▶ Aim of the exercise: Print the entries below exactly as they appear, from the first line up to and including the line with "Above: Recurring DAF". Do not print any pictures.

▶ Provided material:

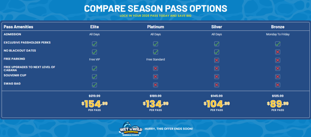- Mix and match passes: Parents often choose Elite, kids pick Silver, and weekday visitors go Bronze
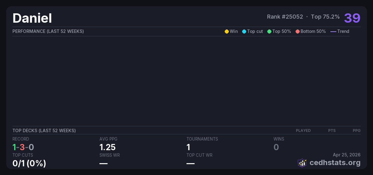 | IQ December Dec 13, 2025 · 26 players | 17/26 | 1-3-0 | 1.25 | 39 |
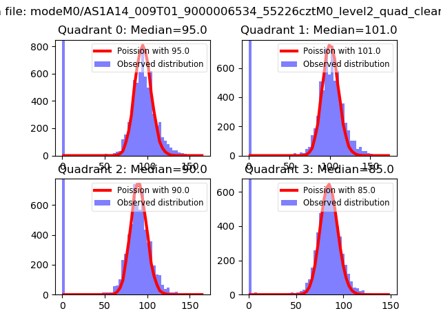 Red curve is a Poisson curve with rate = median count rate of data. |
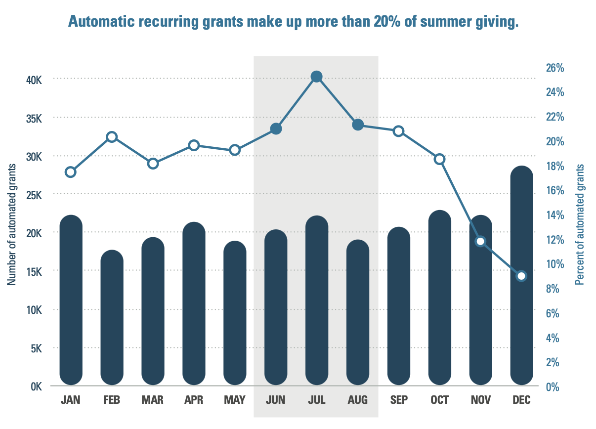 Above: Recurring DAF donors still give even when other giving slows. In the critical summer months, Vanguard Charitable found that automatic recurring grants make up more than 20% of summer giving.
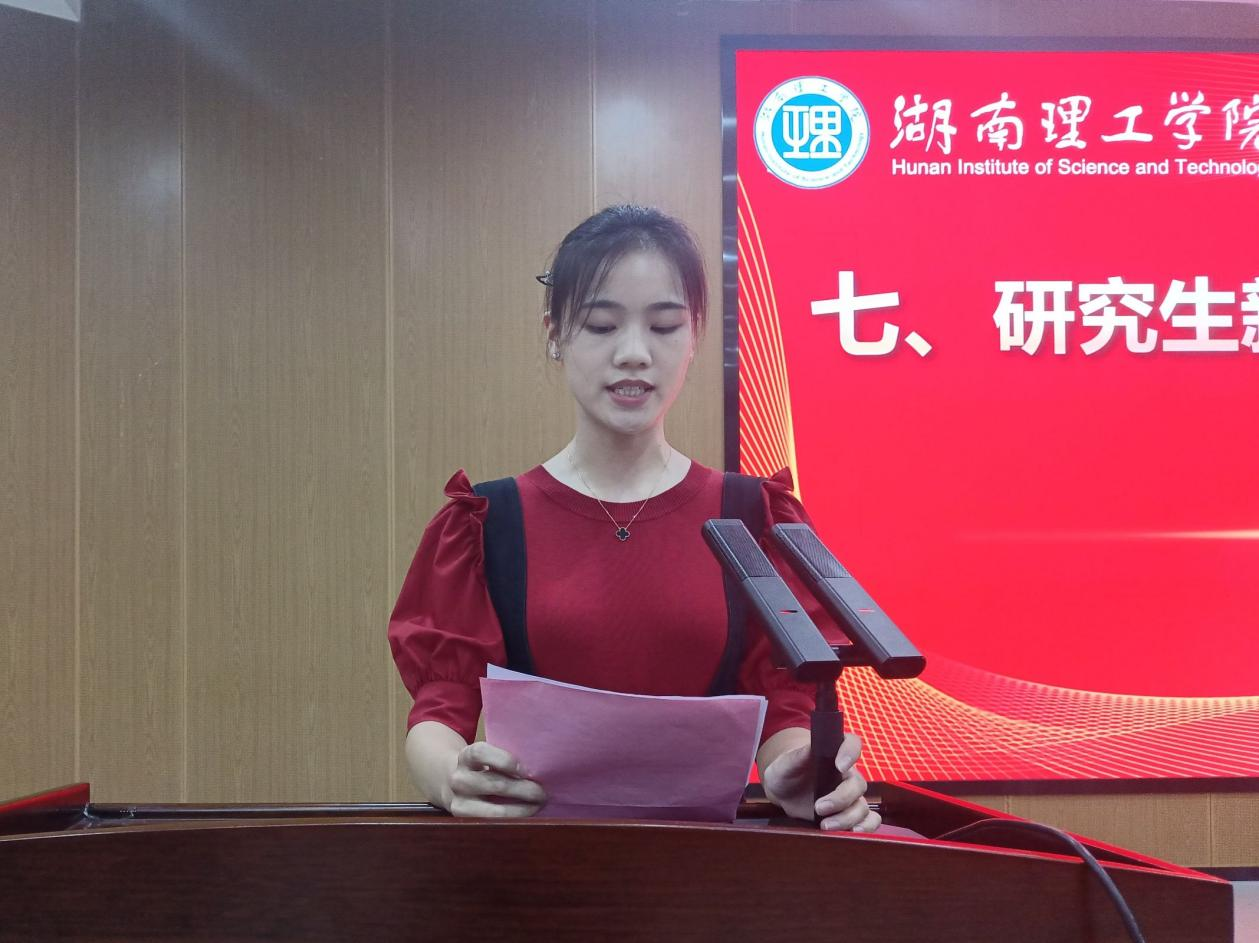 新生代表谢李想、唐语嫣表示要在湖理这一崭新的舞台上,积极探索、大胆实践、接受全新思想的洗礼,以新的语言、新的行动、新的风貌去适应新的环境,开启一段新的旅程。
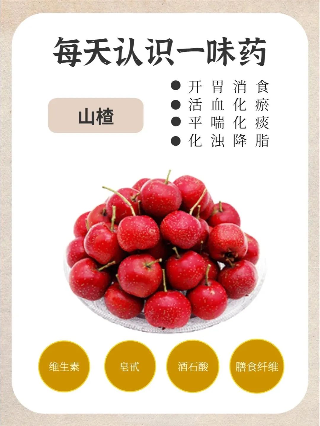 山楂酸甘微温,入肝、脾经,能活xue化瘀、消食去脂,很适合脂肪肝或血脂偏高的人群。
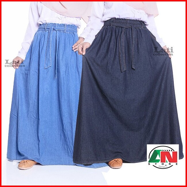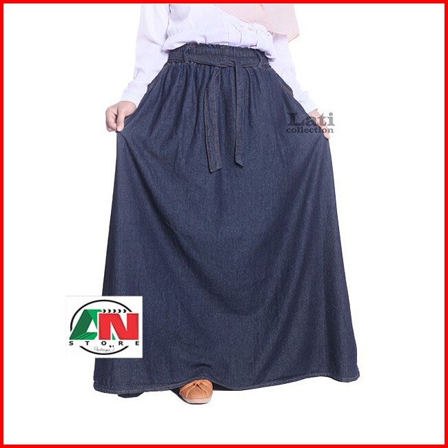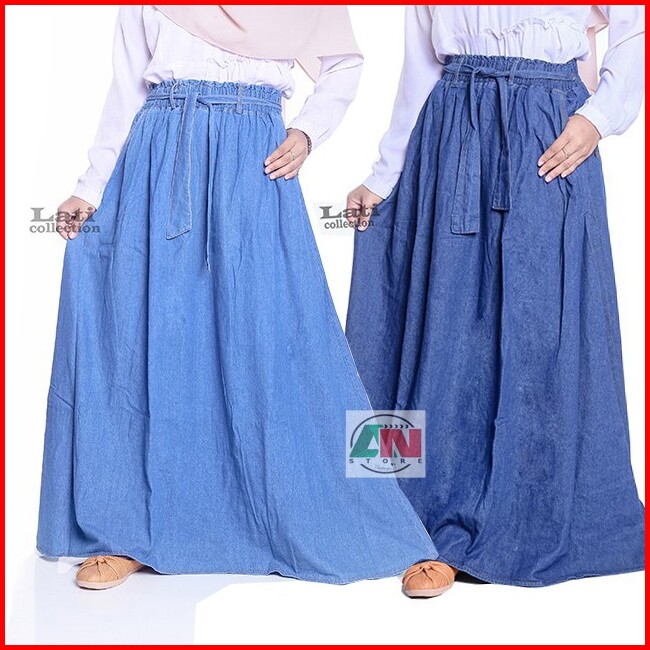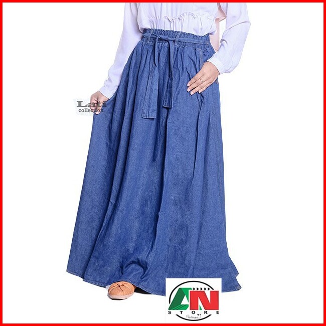 Rok Jeans Jumbo Rok Jeans Panjang Rok Denim Jumbo Line A Rok Wanita Dewasa Big Size

▶ Reply to the task:
- Mix and match passes: Parents often choose Elite, kids pick Silver, and weekday visitors go Bronze
 | IQ December Dec 13, 2025 · 26 players | 17/26 | 1-3-0 | 1.25 | 39 |
 Red curve is a Poisson curve with rate = median count rate of data. |
 Above: Recurring DAF donors still give even when other giving slows. In the critical summer months, Vanguard Charitable found that automatic recurring grants make up more than 20% of summer giving.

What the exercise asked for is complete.